Заметив, что музыкант мешает слушать изложение важных стратегических соображений и отвлекает внимание герцога, Жуаез подался назад и круто оборвал свою речь; раздражение Жуаеза не ускользнуло от Франсуа, казалось, не слушавшего речь адмирала, а на самом деле ни слова из нее не пропустившего. Он тотчас спросил:
– Что с вами, адмирал?
– Ничего, монсеньер; я только жду, когда ваше высочество удосужитесь выслушать меня.
– Да я вас слушаю, де Жуаез, я вас слушаю, – весело ответил герцог. – Ах! Видно, все вы, парижане, воображаете, что, сражаясь во Фландрии, я изрядно отупел, коль скоро вы решили, что я не могу слушать двух человек одновременно, – а ведь Цезарь диктовал по семь писем сразу!
– Монсеньер, – ответил Жуаез, метнув на бедного музыканта взгляд, под которым тот склонился со своим обычным притворным смирением, – монсеньер, я не певец и, следовательно, не нуждаюсь в аккомпанементе, когда говорю.
– Ладно, ладно! Замолчите, Орильи!
Орильи безмолвно поклонился.
– Итак, – продолжал Франсуа, – вы, Жуаез, не одобряете моего решения приступом взять Антверпен?
– Нет, монсеньер.
– Однако этот план был одобрен военным советом!
– Потому-то я и высказываюсь так осторожно, монсеньер, что говорю после стольких многоопытных полководцев.
И Жуаез, по придворному обычаю, раскланялся на все стороны.
Некоторые командиры тотчас заявили главному адмиралу, что согласны с ним. Другие промолчали, но знаками выразили ему свое одобрение.
– Граф де Сент-Эньян, – сказал герцог одному из храбрейших своих подчиненных, – вы-то ведь не разделяете мнения господина де Жуаеза?

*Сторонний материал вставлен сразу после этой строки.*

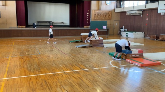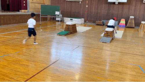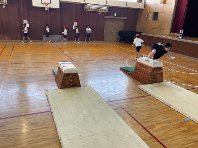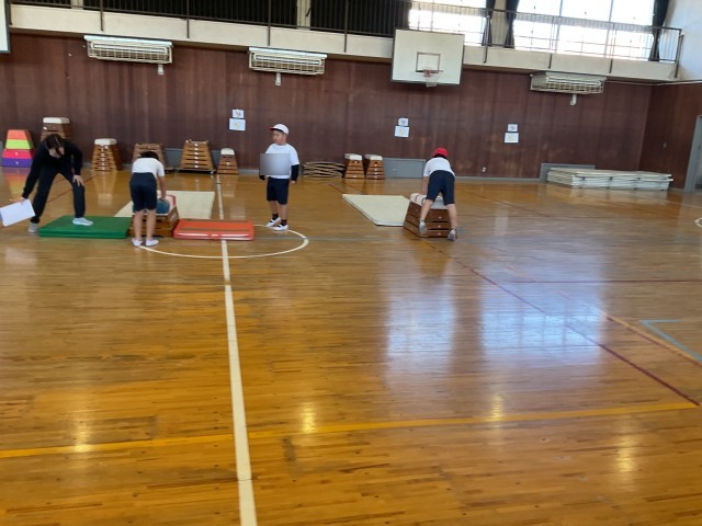 台上前転や4段や5段に一つひとつ挑戦していました。

– Напротив, ваше высочество, – разделяю.
– Так! А я подумал, по вашей гримасе…
Все рассмеялись. Жуаез побледнел, Сент-Эньян покраснел.
– Если граф де Сент-Эньян, – сказал Жуаез, – имеет привычку таким способом выражать свое мнение – значит, он недостаточно учтивый советник, вот и все.
– Господин де Жуаез, – взволнованно возразил де Сент-Эньян, – его высочество напрасно попрекает меня увечьем, которое я получил, служа ему; при взятии Като-Камбрези я был ранен пикой в голову и с тех пор страдаю нервными судорогами, они-то и вызывают гримасы, на которые сетует его высочество… Но то, что я сейчас сказал, господин де Жуаез, – не извинение, а объяснение, – гордо закончил граф, поворачиваясь к адмиралу лицом.